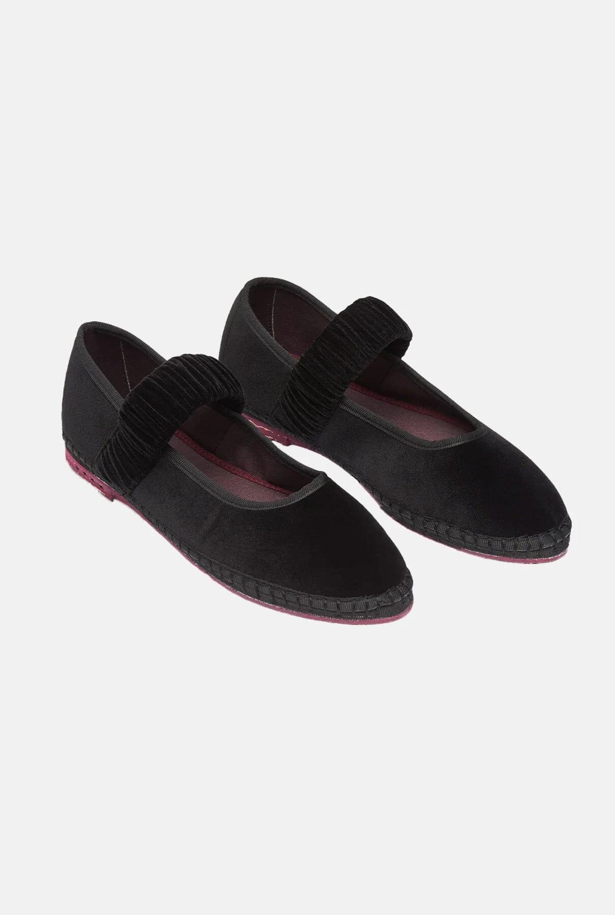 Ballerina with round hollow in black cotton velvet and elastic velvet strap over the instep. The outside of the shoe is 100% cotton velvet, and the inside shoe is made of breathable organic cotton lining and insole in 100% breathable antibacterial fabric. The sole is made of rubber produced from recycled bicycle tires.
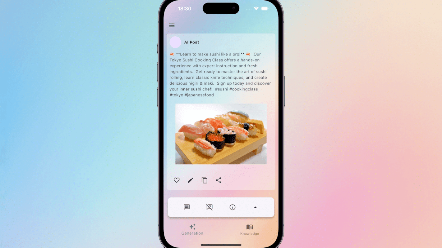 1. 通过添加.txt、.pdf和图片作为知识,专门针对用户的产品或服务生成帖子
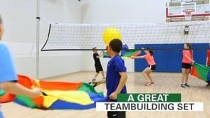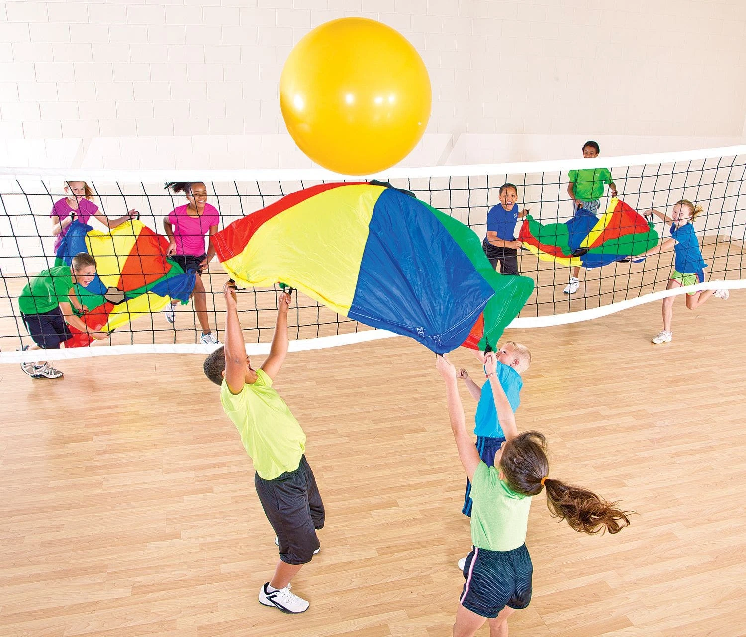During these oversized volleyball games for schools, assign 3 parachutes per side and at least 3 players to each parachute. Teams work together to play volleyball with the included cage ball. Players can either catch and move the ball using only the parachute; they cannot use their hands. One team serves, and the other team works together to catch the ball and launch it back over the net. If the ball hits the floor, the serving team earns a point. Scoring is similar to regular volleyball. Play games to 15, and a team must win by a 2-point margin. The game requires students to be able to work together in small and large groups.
__________________________________________________
• _WORK REQUIRED_: Starting at the top of the listing above, reproduce each line up to and including the one with "1. 通过添加.txt、.p"; omit the pictures.

• _FINISHED TASK_:
 Ballerina with round hollow in black cotton velvet and elastic velvet strap over the instep. The outside of the shoe is 100% cotton velvet, and the inside shoe is made of breathable organic cotton lining and insole in 100% breathable antibacterial fabric. The sole is made of rubber produced from recycled bicycle tires.
 1. 通过添加.txt、.pdf和图片作为知识,专门针对用户的产品或服务生成帖子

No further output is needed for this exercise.